The former Stock Exchange (_now a exhibition place, a 'beer tempel' in the near future_), is not at Place Monnaie/Muntplein. It's at Beursplein/Place de la Bourse. 
At the Muntplein you'll find the excellent operahouse Théâtre Royal de la Monnaie/Muntschouwburg.

This old tower -_called the black tower_- is a remaining of the first city wall, built in the early13th century.

The De Brouckèreplein/Place de Brouckère looked like Picadilly Circus some decades ago. Nowadays, most light ads are gone. Fortunately, the Brussels city council decided to make the square car free again.


----------



## Nightsky (Sep 16, 2002)

Thanks for the corrections, it is appreciated so I can make changes for my website. I try to stay as accurate as possible on the website, but sometimes I can get the facts wrong.


----------



## Wapper (Feb 24, 2011)

Nightsky said:


> *PLACE STE-CATHERINE:*


This place and some broad streets nearby used to be the Brussels docks. Today, they have been filled up, but if you know the history you will easily notice their past function. The fish market used to be there as well and today the area is still famous for its fish restaurants. 
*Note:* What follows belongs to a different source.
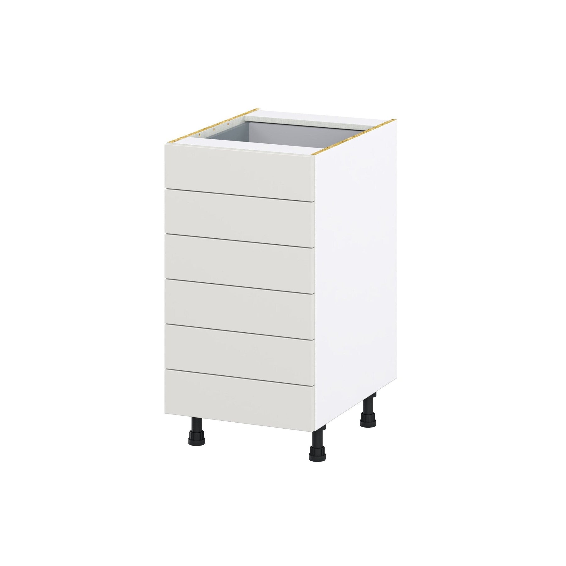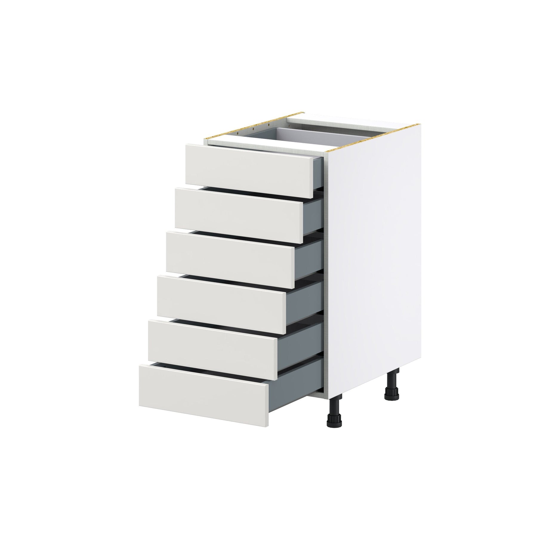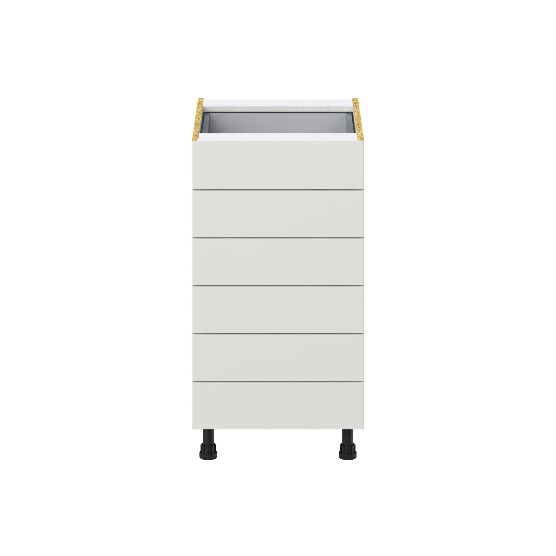 The Hugo&Borg Belcourt 6-Drawer Base Cabinet offers premium storage with a full-access European design that maximizes space. Its elegant gray finish and recessed panel style make it a perfect addition to modern kitchens. Designed for lasting durability, this cabinet combines aesthetics with high functionality, ideal for both professional remodelers and DIY enthusiasts.
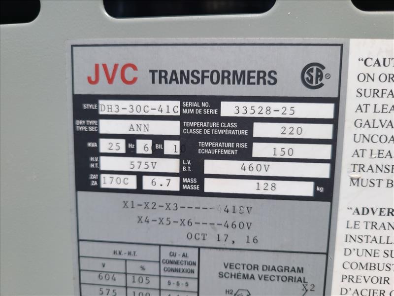 JVC Transformer, 25kva, 60Hz (Tag no. 1009)

Great thread so far. I'm glad that you liked the city.


----------



## paul62 (Jan 27, 2012)

Good shots. Love the cartoon murals (post #8), so uniquely Belgian.


----------



## Thermo (Oct 25, 2005)

About the neglected St Catherine's Church: the front has been renovated, they still have to do the rest.

Before and after:









In the middle here:

Sun day, Place sainte Catherine, Bruxelles, Belgique by Batistini Gaston, on Flickr


----------



## Nightsky (Sep 16, 2002)

Thanks for comments!
@Thermo: I'm just surprised that the exterior already has been renovated since it was only some months ago I visited (June 2014). Anyway, I think there is a also kind of charm to neglected churches.


----------



## Benonie (Dec 21, 2005)

Nightsky said:


> @Thermo: I'm just surprised that the exterior already has been renovated since it was only some months ago I visited (June 2014). Anyway, I think there is a also kind of charm to neglected churches.


Well, the south facade was allready finished when you were there. It's the west facade in your pictures which looks a bit run down.


----------



## Nightsky (Sep 16, 2002)

Benonie said:


> Well, the south facade was allready finished when you were there. It's the west facade in your pictures which looks a bit run down.


To be honest I didn't see the other part of the church. There was so much to see in Brussels, it was impossible to cover all.


----------



## Benonie (Dec 21, 2005)

Well, the renovated side with the main entrance is at a lively square with restaurants and Brussels' most famous fish shop:_ Mer du Nord/Noordzee_.


----------



## Nightsky (Sep 16, 2002)

Benonie said:


> Well, the renovated side with the main entrance is at a lively square with restaurants and Brussels' most famous fish shop:_ Mer du Nord/Noordzee_.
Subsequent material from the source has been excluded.